The term "bin bug" was coined in August 2006 by the British media to refer to the use of Radio Frequency Identification (RFID) chips by some local councils to monitor the amount of domestic waste created by each household. The system works by having a unique RFID chip for each household's non-recycling wheelie bin (such households have two bins: one for general waste and one recycling bin). The chip is scanned by the dustbin lorry and, as it lifts the bin, records the weight of the contents. This is then stored in a central database that monitors the non-recycled waste output of each household.

==History==
In August 2006, it was reported that five Ulster councils had installed chips in household wheelie bins, and that three more local councils were about to trial the technology. Paul Bettison, the chairman of the Local Government Association's environment board, said that if pilot schemes received approval from the government and were successful, weighing schemes could be commonplace across the country within two years. While some councils informed the householders of their intentions to monitor their waste output many others did not. Worcester City Council, for example, detailed their plans through local newspaper Worcester News in August 2005. Aberdeen City Council kept the scheme quiet until a local newspaper ran the story; the council declared no intention to operate or bring the system online but did not rule out future use. Some councillors said that the purpose of the "bin bugs" was to settle disputes about the ownership of the bins, but others mentioned that the system is a trial and means that they are more prepared should the government introduce a household waste tax. The tax would be in the form of a charge for households that exceed set limits of non-recycled waste.
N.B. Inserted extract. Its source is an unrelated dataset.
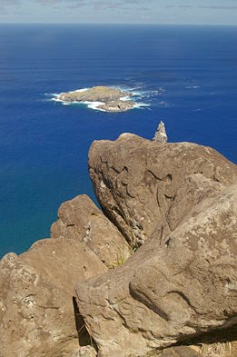Gezicht vanaf Orongo op Moto Nui met Vogelman-petrogliefen op de voorgrond
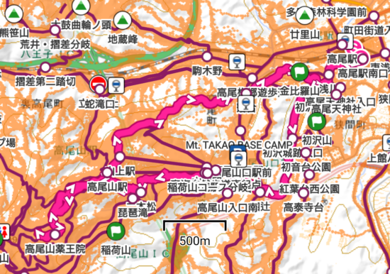 コース :高尾駅南口9:05-高尾霊園9:35ー9:50四辻10:00-

With recycling in the UK amongst the lowest percentage in Europe at 18%, a new tax scheme would have the intention of encouraging domestic recycling and meeting European landfill reduction targets.

Each RFID chip costs around £2, with each scanning system costing around £15,000. The Local Government Association (LGA) provided £5 million to councils to fund 40 pilot schemes. They are supplied by two rival German companies: Sulo and Deister Electronic. Mr Bettison said that although removing a device from a bin "would not break any law", in the future a local authority might have grounds to refuse to empty the bin.

More recently, the usage of RFID chips on trash bins has been suggested for an Internet-of-things improvement and automation of waste collection. It could allow the monitoring of waste levels and the optimization of routes.

==European directives==
The motivation behind the RFID chips are to monitor the production of landfill waste so that councils can comply with the European Landfill Directive 1999/31/EC.
The standard regulating RFID tags for the waste industry is EN 14803 Identification and/or determination of the quantity of waste.

==Removing the bug==
The RFID tag is located in a recess under the front lip of the bin, either as a self-contained unit or behind a plastic cap.

There is some debate as to the legality of removing the RFID chip.